The answer is no, if the axiom of foundation is accepted as part of set theory. (If it isn't, then this question possibly becomes much more difficult and interesting, and too difficult for me.)
For assume we have a pair $(f,y)$ that belongs to $f$. We have $(f,y) = \{ \{f\},\{f,y\} \}$ Then:
$$f \in \{ f \} \in (f,y) \in f$$
Thus the nonempty set $C = \{ f, \{f\}, (f,y) \}$ doesn't have an $\in$-minimal element. That is, there is no element $x$ of $C$ such that $x \cap C = \emptyset$. This contradicts the axiom of foundation.
As several people have pointed out, this is impossible when we view a function as a "set of ordered pairs". But, if we view a function instead as an algorithm, then it is perfectly possible. For example, I can write a python program that takes a string of characters as input and returns the number of characters in the string. I can then apply this program to itself to determine how many characters it has.
This concept is pushed to the limit in functional programming languages such as Scheme and in the untyped $\lambda$ calculus. These languages eliminate the difference between "code" and "data".
One challenge in finding semantic models for these languages is the set theoretic difficulties mentioned above. But there are, in fact, semantic models for these languages. This is what user322483 referred to in his or her answer.

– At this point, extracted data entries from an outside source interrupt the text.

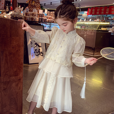女童连衣裙女孩超仙古风汉服套裙2025春装新款洋气儿童国风两件套
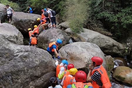 平江福壽山原生態(tài)的溯溪基地,巨石嶙峋,溪流蜿蜒,時(shí)而寬,時(shí)而窄,時(shí)而平緩,時(shí)而湍急,要想克服所有艱難險(xiǎn)阻到達(dá)終點(diǎn)欣賞大自然的美景就必須整個(gè)團(tuán)隊(duì)通力協(xié)作,共同前進(jìn)!
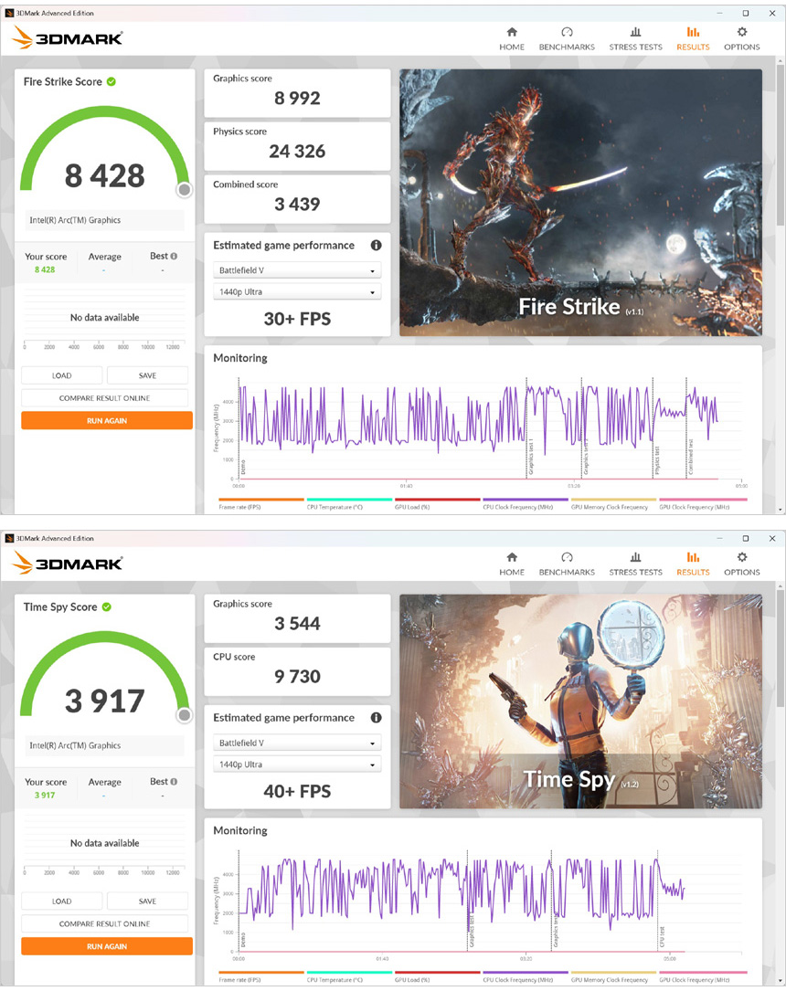 오버워치 2 프레임 테스트 하고 있는 모습으로 113-183 프레임으로 플레이 되는 것을 확인할 수 있었다. 120Hz 주사율 특유의 부드러움 영상을 즐길 수 있을 것이다. @ 기존에 테스트 했던 울트라 7 155H 탑재 젠북과 3DMARK 스코어는 거의 동일했다. 하지만 실제 게임 테스트에서는 큰 성능차를 보여주었다.
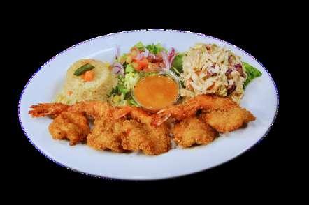 Camarones empanizados con arroz, ensalada de la casa y ensalada de col. Opcional puré de papa.
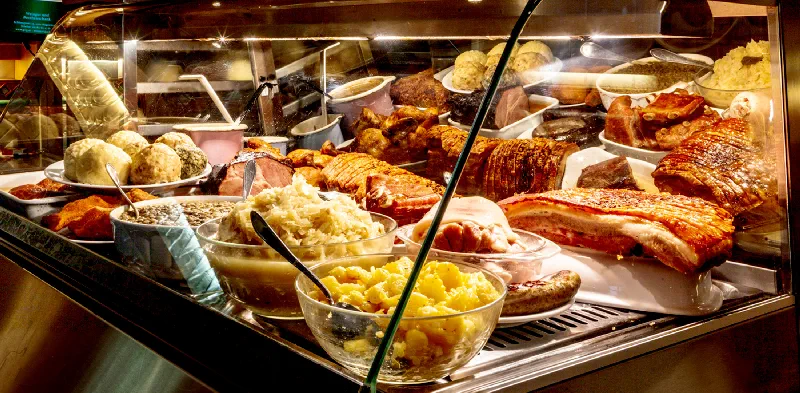 Ein gemütliches Restaurant-Interieur im Weinviertel-Charme mit Holzmöbeln und Regalen, einer Vitrine voller Speisen und warmer Beleuchtung. Tische und Stühle stehen auf einem gefliesten Boden und vermitteln die einladende Atmosphäre des Heurigen GILG.
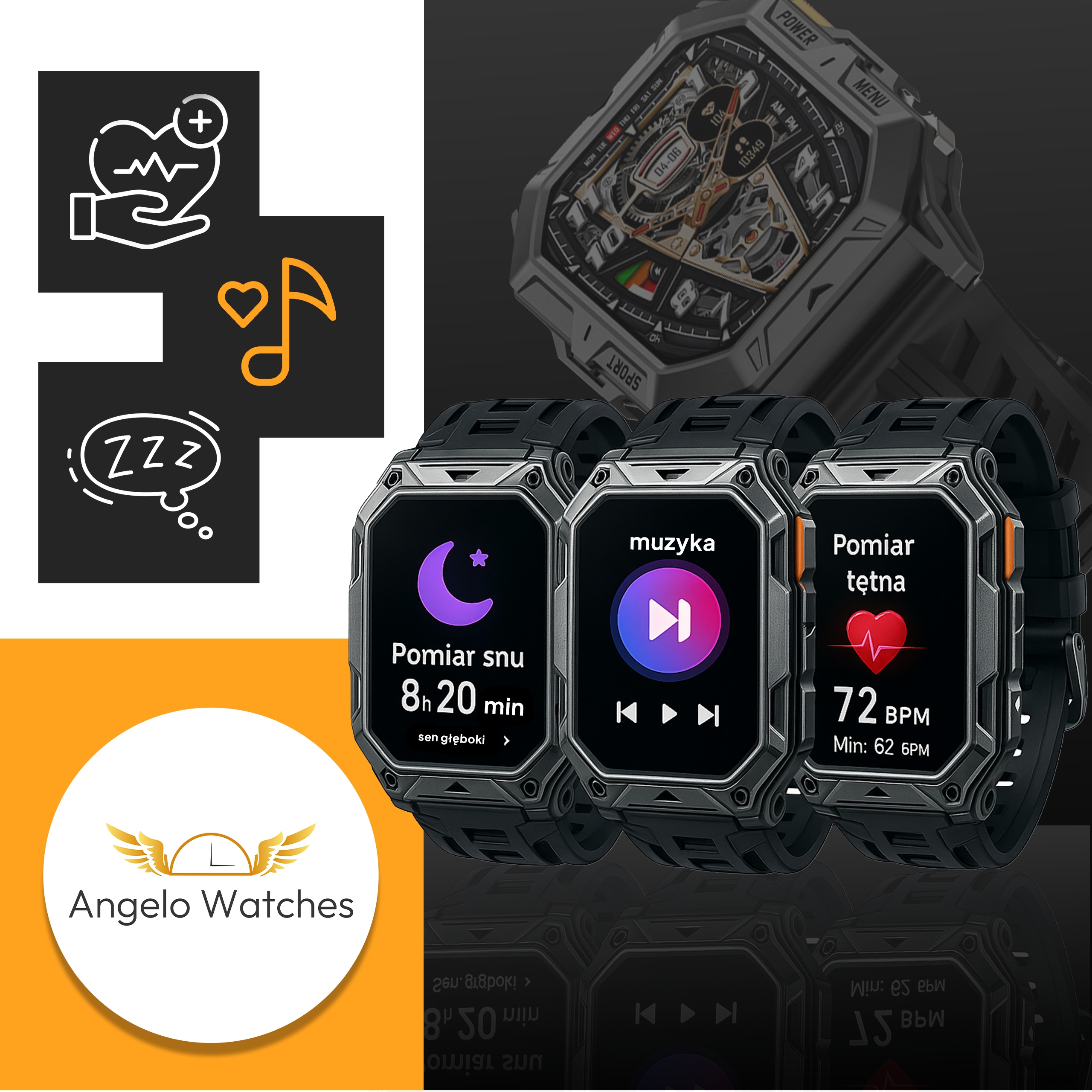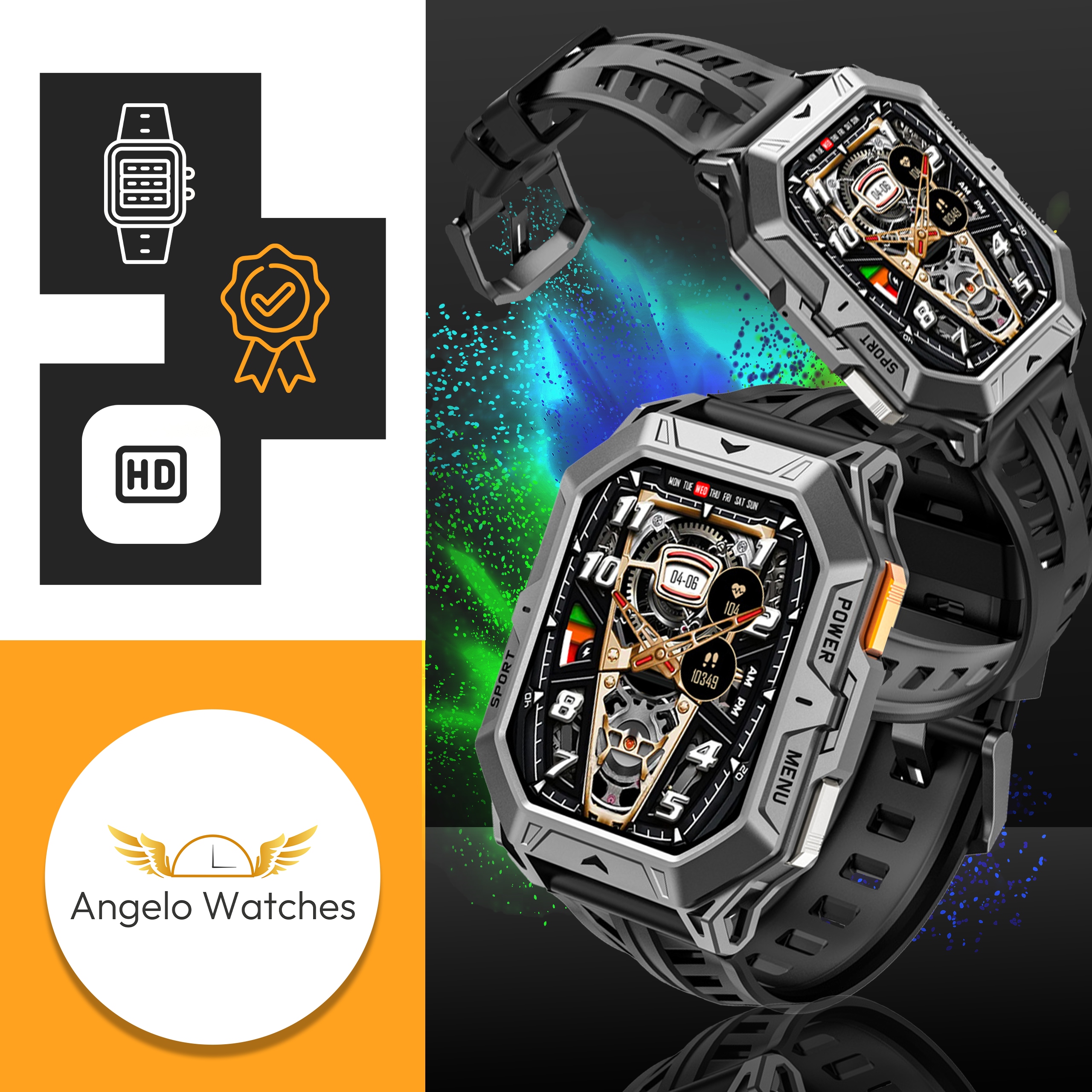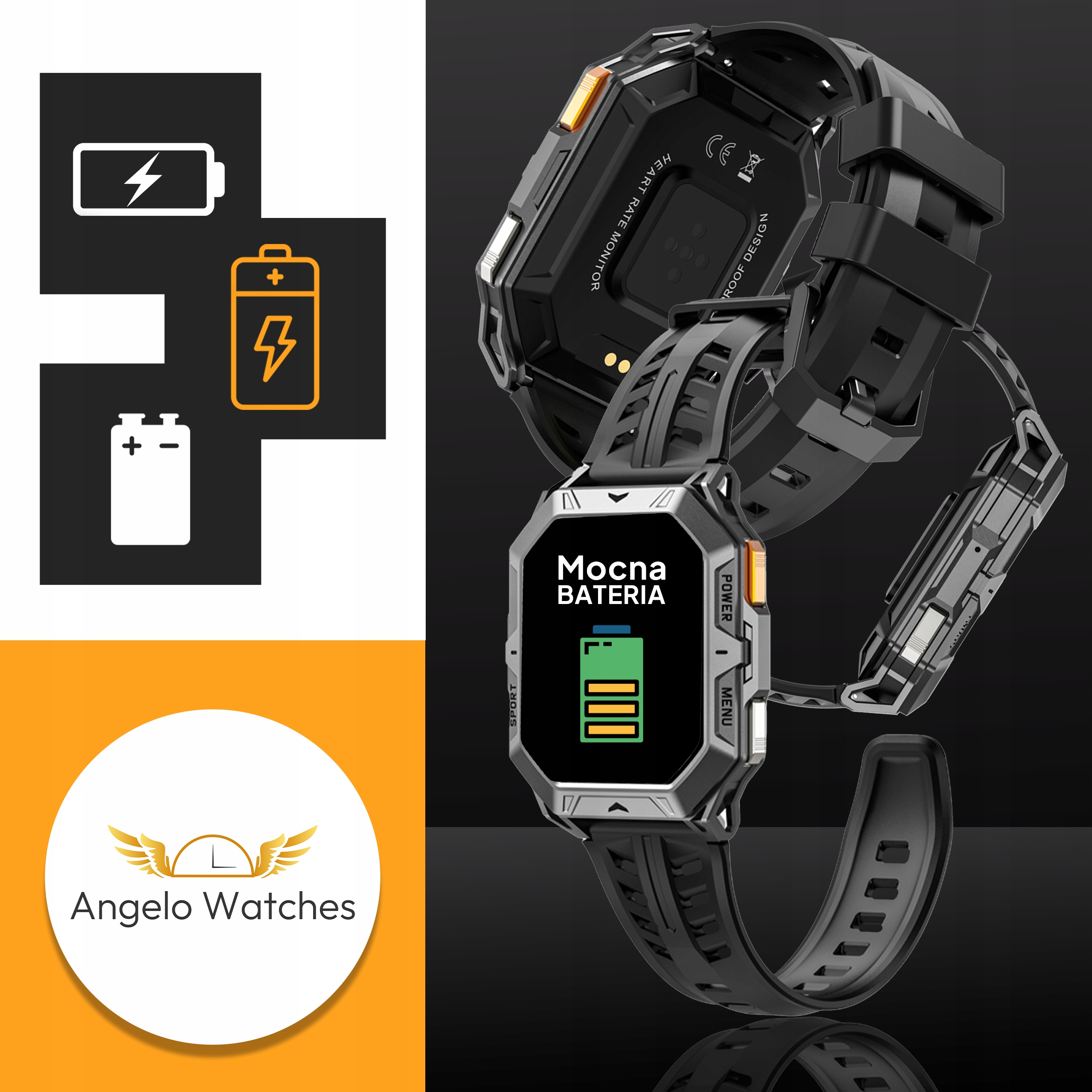 Styl i wytrzymałość zamknięte w pancernej, nowoczesnej konstrukcji. Smartwatch Angelo Watches® AX1-PRO to idealny wybór dla mężczyzn, którzy potrzebują zegarka odpornego na wszystko – z funkcjami klasy premium i potężną baterią do 25 dni działania.
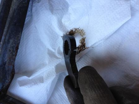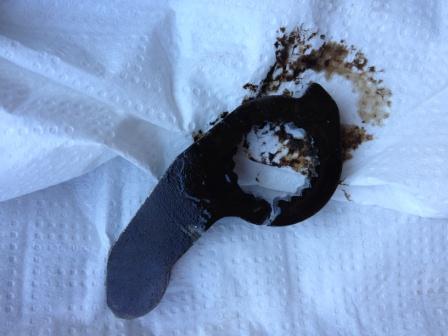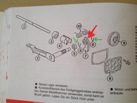 Das Teil mit dem roten Pfeil ist der Betätigungshebel. Das Seil konnte es nicht sein, weil Serdar geschrieben hat, das der Kupplungshebel am Getriebe sich widerstandslos hochziehen ließ. Das "Zerbröselte" ist der Simmerring, den brauchst Du auch neu, sonst ist das Getriebe bald ölleer.
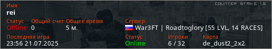 Играет на Counter Strike 1.6 сервере. Страна: РоссияПервый раз замечен 22:50 21.07.2025

Yes, see http://en.wikipedia.org/wiki/Domain_theory .
It will not work for the set theoretic definition of a function $f: A\to B \in B^A$ since $B^A \cap A = \emptyset$ when constructed in the category $\cal Set$. This construction is possible in the category of domains, though.
A function $f:A\to B$ can be seen as an element of the set $B^A$. For a function to act on itself, we need a map $g:B^A\to A$. We would also want this map to be a bijection, so that elements of $B^A$ are identified with elements of $A$.
This would require $|B|^{|A|}=|A|$, so $|A|=1$ and $|B|\in\{0,1\}$.
If we have $\mathbb{id}:\{\mathbb{1}\}\to\{\mathbb{1}\}$, given by $\mathbb{1}\mapsto\mathbb{id}(\mathbb{1})=\mathbb{1}$. If we identify $\mathbb{id}$ with $\mathbb{1}$, then $\mathbb{1}(\mathbb{1})=\mathbb{1}$ makes some amount of sense.
So the answer is no, except in some way for trivial cases.